1. What location has reported the largest temperature difference in one day (TMAX-TMIN)? What is the difference and when did it happen?

2. What location has reported the largest difference between min and max temperatures overall in 2017. What was the difference?

3. What is the standard deviation of the high temperatures for all US stations? What about low temperatures?

4. How many stations reported data in both 1987 and 2017?

Before you leave class, one member of your group needs to send me an email with your group answers to these questions and the code you wrote to solve them. Make sure the email also includes the names of all the group members who were present to work on this.

Between Class Questions:

All the code that you write to answer these questions should be put in a package called sparkrdd2 in the in-class repository. You should also make a file called sparkrdd2.md in the top level of your repository that includes a write-up with your answers to the questions and any requested plots.

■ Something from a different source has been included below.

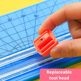 ●Note: Pull the transparent ruler out to take out the cutter head. Please be careful when changing the sharp blade.

1. Does temperature variability change with latitude in the US? Consider three groups of latitude: lat<35, 35<lat<42, and 42<lat. Answer this question in the following three ways.

a. Standard deviation of high temperatures.

b. Standard deviation of average daily temperatures (when you have both a high and a low for a given day at a given station).

c. Make histograms of the high temps for all stations in each of the regions so you can visually inspect the breadth of the distribution.

2. Plot the average high temperature for every station that has reported temperature data in 2017 with a scatter plot using longitude and latitude for x and y and the average daily temperature for color. Make 100F or higher solid red, 50F solid green, and 0F or lower solid blue. If you are using ScalaFX plots, you can have bins of 20 degrees with different colors. If you are using SwiftVis2, you can use a ColorGradient for the scatter plot color.

3. How much has the average land temperature changed from 1897 to 2016? We will calculate this in a few ways.

a. Calculate the average of all temperature values of all stations for 1897 and compare to the same for 2016.

b. Calculate the average of all temperature values only for stations that reported temperature data for both 1897 and 2016.

c. Plot data using approach (a) for all years I give you data for from 1897 to 2016.

d. Plot data using approach (b) for all years I give you data for from 1897 to 2016.

4. Describe the relative merits and flaws with approach (a) and (b) for question 3. What would be a better approach to answering that question?

5. While answering any of the above questions, did you find anything that makes you believe there is a flaw in the data? If so, what was it, and how would you propose identifying and removing such flaws in serious analysis?